There are 5,500 miles of National Works Agency roads, and about the same amount of parish council roads, most of which are not main roads, and these are where we have our major road issues.

Many of the problems are in the non-limestone areas where rainfall is often high, soil conditions are poor, drains block easily, and landslides happen frequently.

With such a great mileage of secondary and tertiary roads, we need a cheaper solution than asphaltic concrete surfacing. A double-surface dressing costs about half of what an asphaltic concrete surface costs and one-tenth of a concrete surface.

Clearly, concrete surfacing is out of the question for these roads.

There is a system available (micro-surfacing) using premixed materials, which produces a much better quality and a more durable 'spray and chip' solution but more costly than traditional spray and chip. This needs to be pursued more vigorously.

As traffic increases and drainage and other conditions demand, it is logical to resurface sections of secondary roads with asphaltic concrete as has been done on Widcombe Road, and recently, on the Gordon Town Road.

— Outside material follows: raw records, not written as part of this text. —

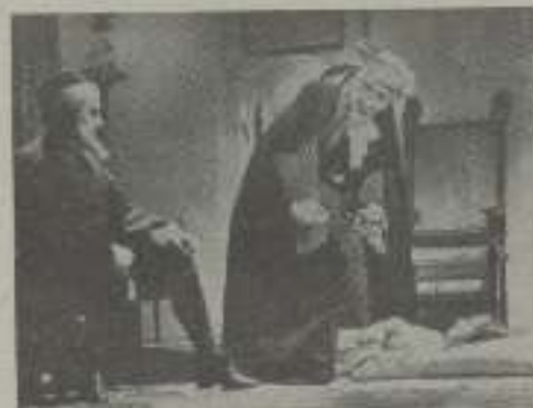
Conrad Veidt en una escena culminante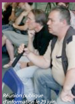
Réunion publique d'information le 29 juin.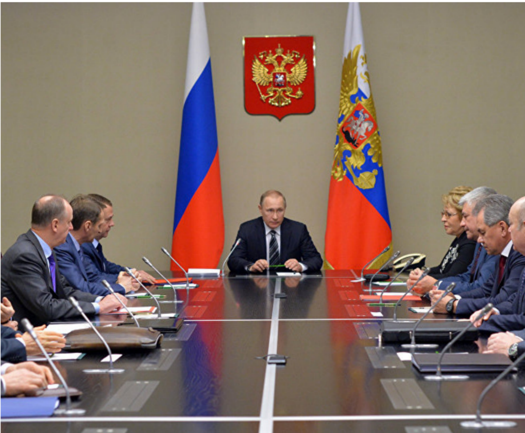
اجتماع مجلس الأمن القومي الروسي

الثالثة 31 تشرين الاول 2017 العدد (3811) Tue. 31 Oct. 2017 issue (3811)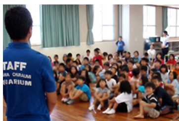
講師派遣（事前学習）

事前学習や来館時に各種教育プログラムをご利用いただけます。お申込み方法等、詳しくはホームページをご確認ください。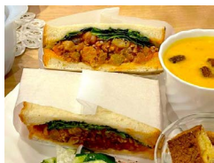
↑3種のスパイス!チリコンカンサンド

ジューナスのお隣に美味しいパン屋さんができました。お隣の「食パン道」さんの焼き立て高級食パンを使ったサンドイッチが登場!! 定番のサバサンドに加え、新メニュー(はチリコンカンサンド!) カフェオーナーによる気まぐれメニューもお楽しみです! 夏に向けての新メニューにも乞うご期待!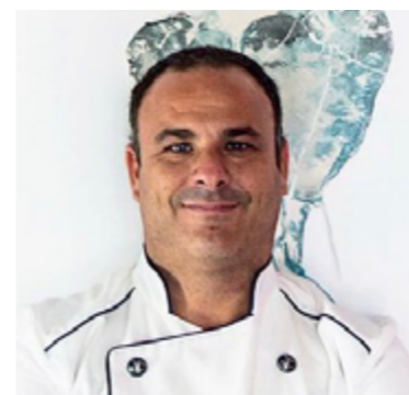
Ángel León APONIENTE 3*** Puerto de Santa María, Cádiz

Se aficionó al mar de pequeño, pescando con su padre, y se acercó a la cocina queriendo aprenderlo todo sobre el mar. Se formó en Francia y, tras su paso por diversos restaurantes en España, regresó a su tierra natal, Cádiz, para poner en marcha su propio restaurante. En la actualidad, Aponiente está enclavado en un espacio tan singular como un antiguo molino de mareas. El “chef del mar” es conocido en el panorama gastronómico gracias a un estilo centrado en productos marinos. Es el primer cocinero del mundo que ha desarrollado el plancton marino como ingrediente nutritivo para el consumo. La cocina marina de Ángel León se puede degustar en Aponiente, en el Puerto de Santa María, que cuenta con tres estrellas Michelin y también ha sido distinguido con la Estrella Verde de Michelin a la sostenibilidad. Alevante, situado en el complejo hotelero Meliá Sancti Petri en Chiclana, en el que también ha obtenido una estrella.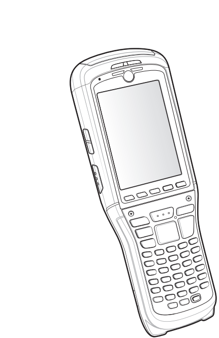
Zebra MC95XX, regulatorni priručnik, Windows Mobile 6.X

Zebra pridržava pravo izmjena proizvoda u svrhu poboljšanja pouzdanosti, funkcija ili dizajna. Zebra ne preuzima odgovornost za proizvod koja proizlazi ili je u vezi s aplikacijom ili korištenjem bilo kojeg ovdje opisanog proizvoda, strujnog kruga ili aplikacije. Ne daje se licenca, izričita ili podrazumijevana, po načelu estopela ili na drugi način pod pravom za patent ili patentom, koja pokriva ili ima veze s bilo kojom kombinacijom, sustavom, aparatom, uređajem, materijalom, metodom ili procesom koje koriste Zebra proizvodi. Podrazumijevana licenca postoji samo za opremu, strujne krugove ili podsustave sadržane u proizvodima tvrtke Zebra.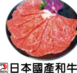
日本國產和牛F1 Japanese F1 Domestic Wagyu: 日本F1国産和牛 일본 F1 국내 와규. เนื้อวัวที่ขงต้น F1 ของญี่ปุ่น Bò Wagyu lai F1 sản xuất trong nước Nhật Bản

Three Major Wagyu Beef: 世界三大和牛. 세계 삼대 와규 เนื้อวัวที่สามสายพันธุ์ที่ยอดเยี่ยมที่สุดในโลก. Ba loại bò Wagyu hàng đầu thế giới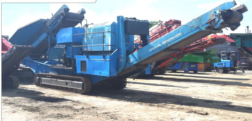
Kruszarka stożkowa TEREX Pegson 1000 Maxtrak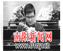
从玉育到行业新秀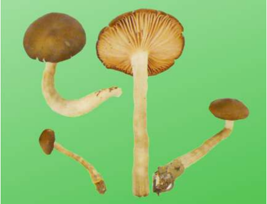
Fig 2. 1. Entoloma rhodopolium (Fr: Fr.) P. Kumm.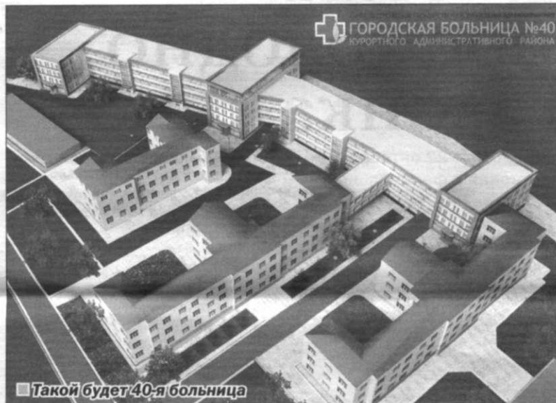
■ Такой будет 40-я больница

ГОРОДСКАЯ БОЛЬНИЦА №40 КУРОРТНОГО АДМИНИСТРАТИВНОГО РАЙОНА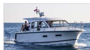
NIMBUS 305 COUPÉ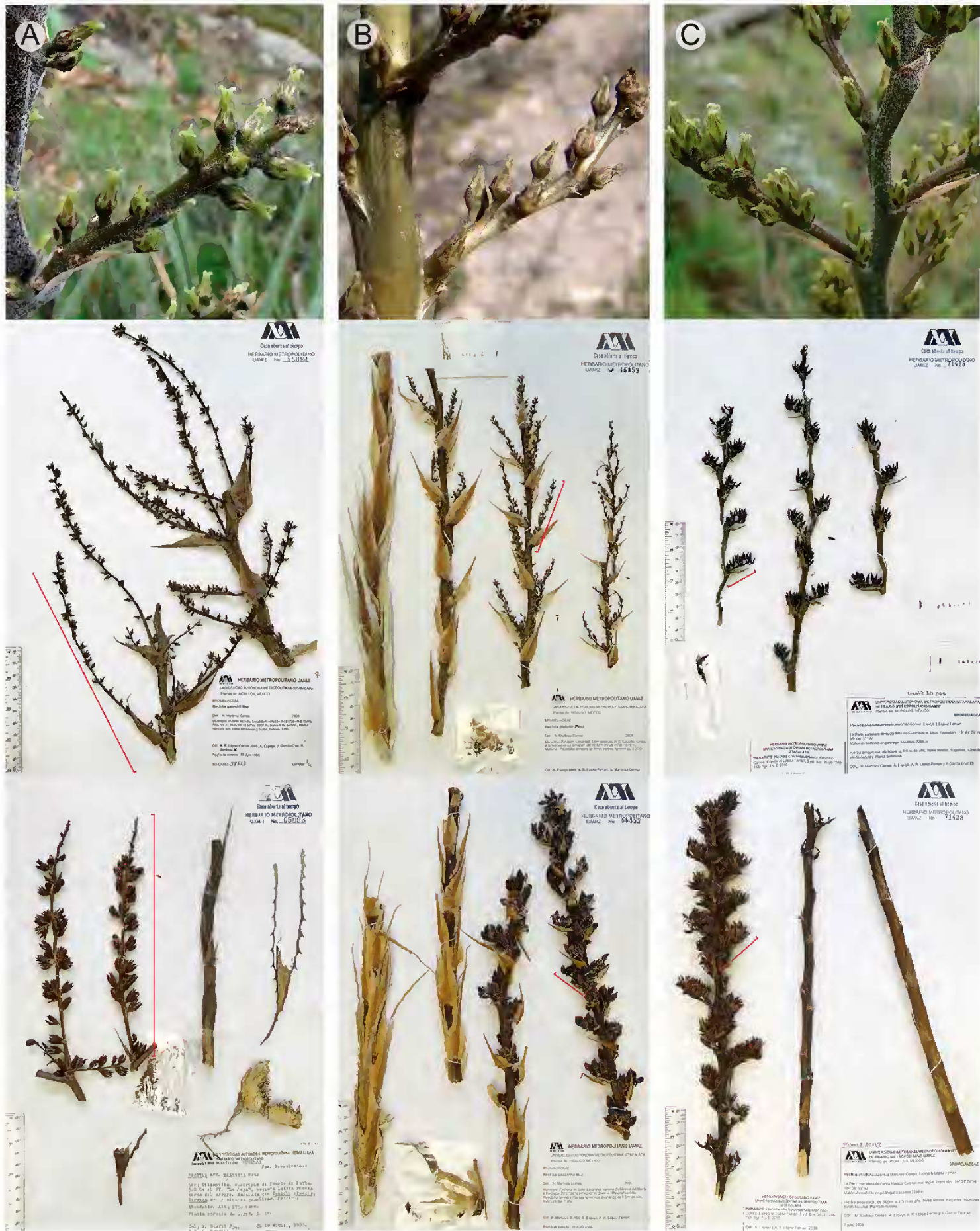
Fig. 4. Inflorescencias femeninas. A. H. montis-frigidi González-Rocha, Espejo, López-Ferr. et Cerros-Tlatilpa (A. R. López-Ferrari 2205; frutos, A. Bonfil 234). B. H. podantha Mez (A. Espejo 6889; frutos, N. Martínez C. 38). C. H. chichinautzensis Martínez-Correa, Espejo et López-Ferr. (N. Martínez C. 39; frutos, N. Martínez C. 104). Fotografías A. Espejo y E. González-Rocha.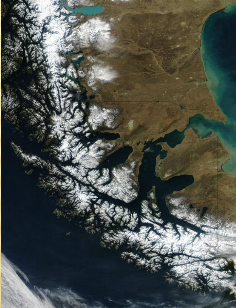
Спутниковая (MODIS) фотография Магелланова пролива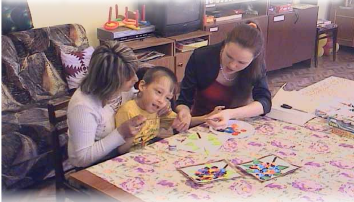
Арт-терапия позволяет ребенку выразить себя, пережить состояние успеха и почувствовать важность своего мира для других. Продолжение темы читайте на с. 2.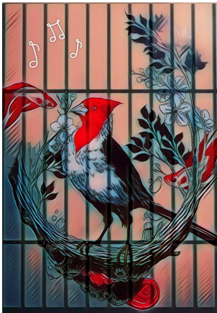
Fotografía Pájaro enjaulado .

El rey del rock sale a escena. Toma el micrófono. Canta, se contonea. Se convierte en el pájaro más bello de la jaula. Aunque tenga el buche lleno de alcohol y pastillas, su deseo es no estar fuera de la fiesta. Así, noche a noche, el escenario se convierte en el agujero por donde el miedo a vivir se convierte en canción conjurando la realidad.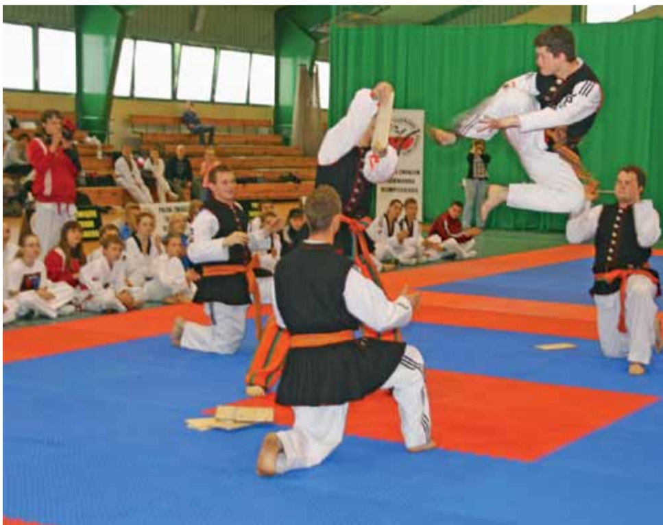
Bardzo efektowny pokaz zawodników Łowickiej Akademii Sportu w strojach ludowych...

Bardzo fajnym pomysłem organizatorów na promocję folkloru łowickiego był pokaz umiejętności zawodników Łowickiej Akademii Sportu w strojach ludowych podczas uroczystego otwarcia mistrzostw. Ciekawe były także występy zespołu Dance Step ze Stachlewa oraz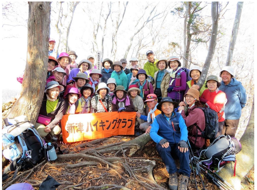
コマタ山頂で集合写真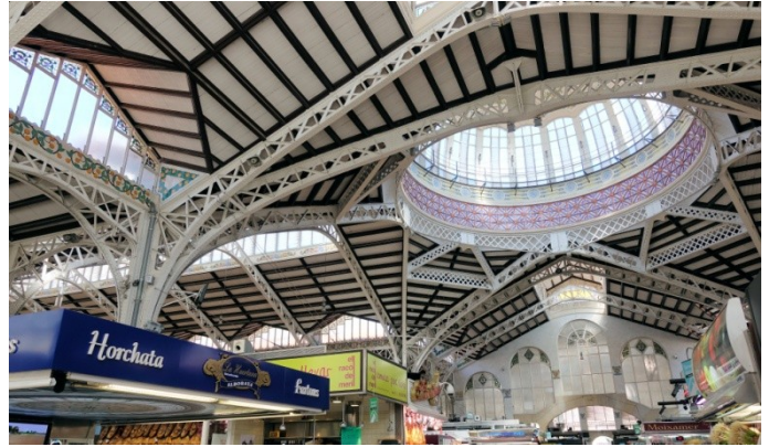
Die filigrane Deckenkonstruktion

Am nächsten Tag war Valencia, die Hauptstadt der Comunidad Valenciana (entspricht etwa einem deutschen Bundesland), das Besuchsziel. Der Mercat central, die Markthalle, ein prächtiges Jugendstilgebäude hat in über 950 Verkaufsständen alles was das Herz bzw. der Magen begehrt.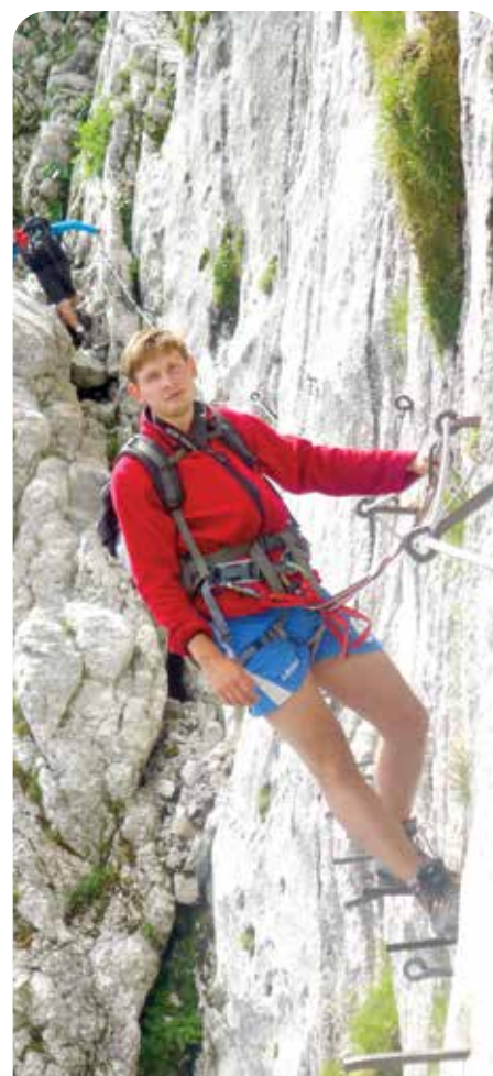
Via ferrata na Zugspitze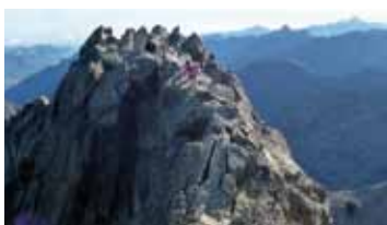
Les baroudeurs au pic du Palas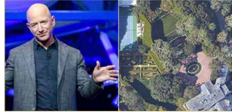
يشترى إلى أن بيزوس هو أغنى رجل بالعالم، وتقدّر ثروته بأكثر من 130 مليار دولار

حظّم مؤسس شركة أمازون، جيف بيزوس، رقماً قياسياً جديداً، واشترى أعلى قصر في لوس أنجلوس، مقابل مبلغ ضخم. وقالت صحيفة "وول ستريت جورنال" إن بيزوس دفع مبلغ 165 مليون دولار، لشراء منزل جديد في لوس أنجلوس، ليصبح أعلى منزل يتم شراؤه في المدينة المكتظة بالأثرياء والنجوم. وحظّم بيزوس الرقم القياسي لأعلى قصر في لوس أنجلوس، والذي كان باسم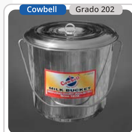
SKU: BD17CTINOX Balde Acero Inoxidable 17 Lts.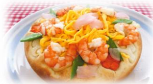
岡山県立興陽高等学校 「うめ!!ばらずしパン」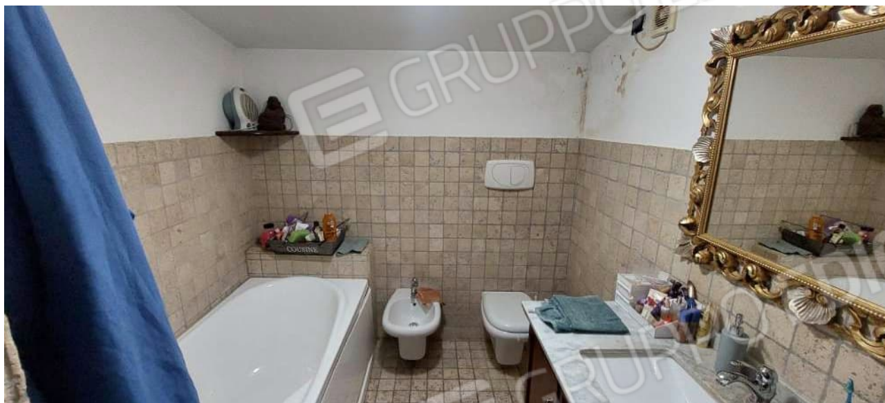
Bagno (senza disimpegno)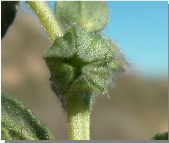
N. micrantha . Detalle del cáliz en fruto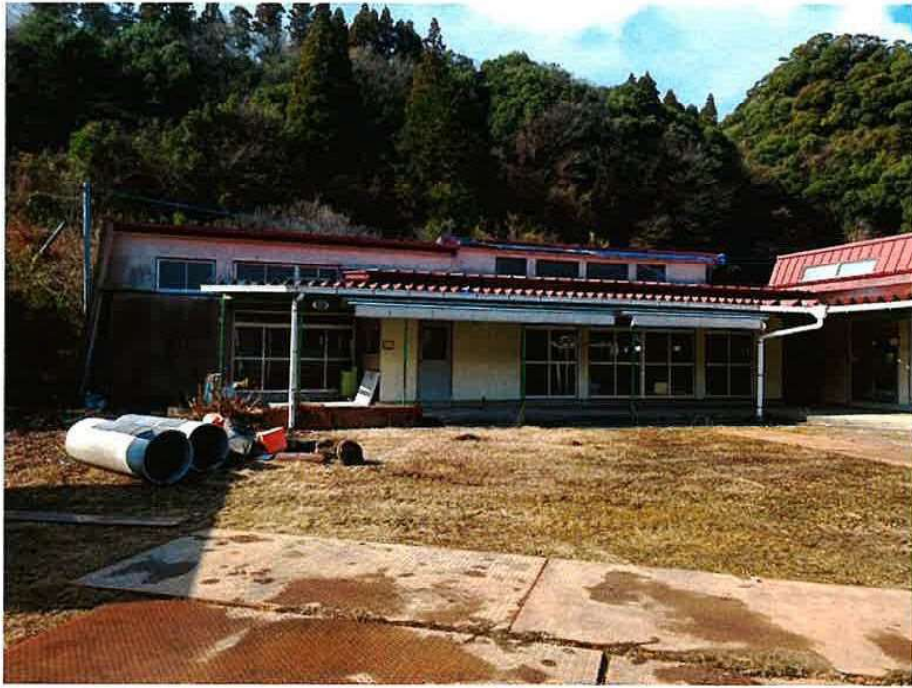
旧巖木幼稚園 着工前（東）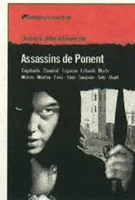
Assassins de Ponent. Diversos (Llibres del delictes)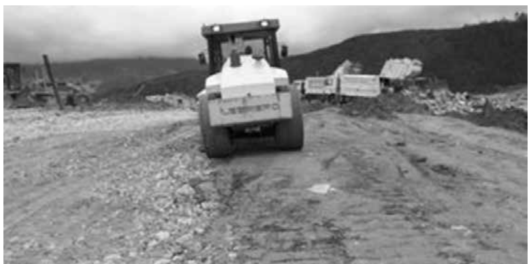
Mantenimiento de vías operativas, compactación de material pétreo

De esta manera se aseguró la recepción del total de los residuos y el tratamiento especial para el destino final de los mismos en el relleno.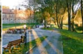
Bulwar Zamkowy w Sztumie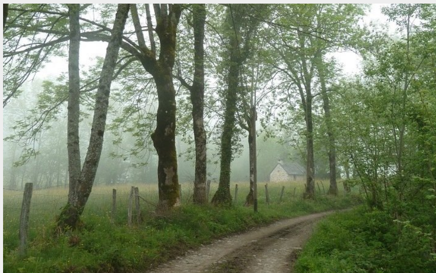
Piste du Bergons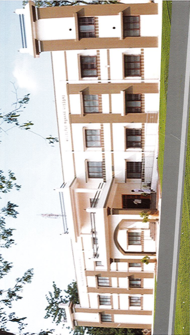
வட்டாட்சியர் அலுவலக கட்டிடம், பெருந்துறை, ஈரோடு மாவட்டம்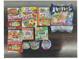
下元 葉月 様より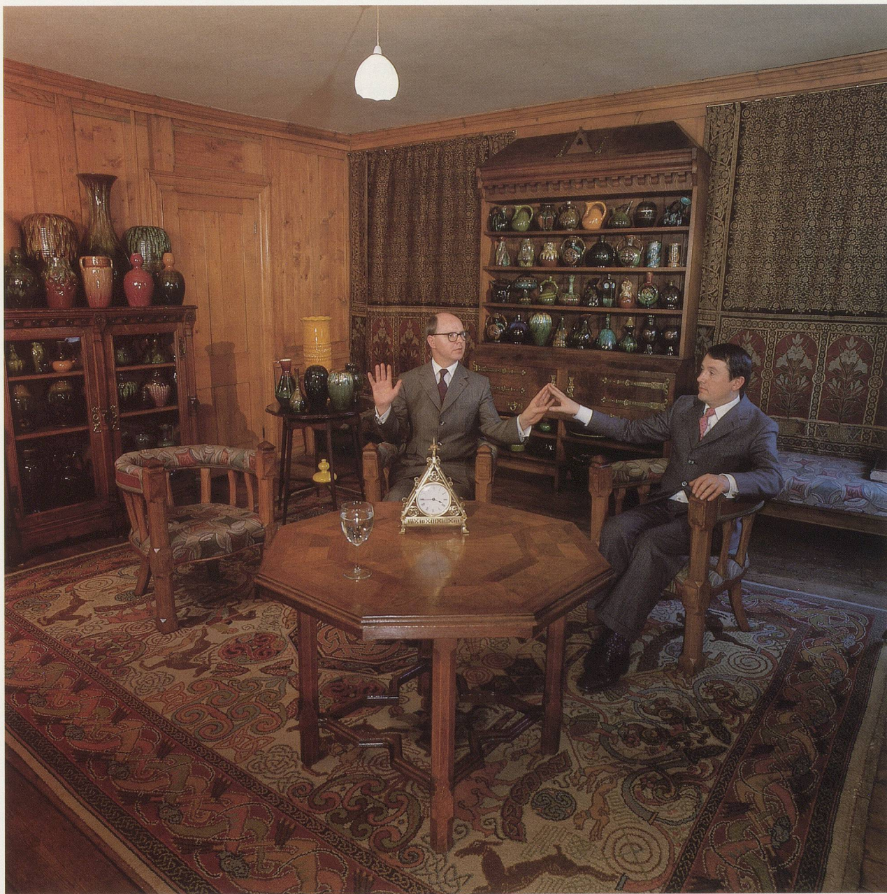
PORTRAIT OF GILBERT & GEORGE FOR THE OBSERVER MAGAZINE, 1984.

Compare, for example, repaving Widcombe Road or Gordon Town Road with 40 millimetres of asphaltic concrete or a 200-milometer thick unreinforced concrete surface on the existing base. The former is about $1,400 per square yard as against concrete at $6,500 per square yard. You can immediately see the price difference.

There are no concrete paving and finishing machines in Jamaica. To remedy this would require both substantial capital and a guarantee of work to justify the investment. Hand-placing/finishing is OK for the short length in Fern Gully but not for a highway.

Further, asphalt roads are very much easier and cheaper to repair than concrete roads.

- John Allgrove worked at the PWD from 1962-1969 in the capacity of executive engineer and later as senior executive engineer, chief engineer, director of technical services, and deputy general manager at the UDC, and at Wallace Evans Consulting Engineers from 1991-2011 as director and managing director.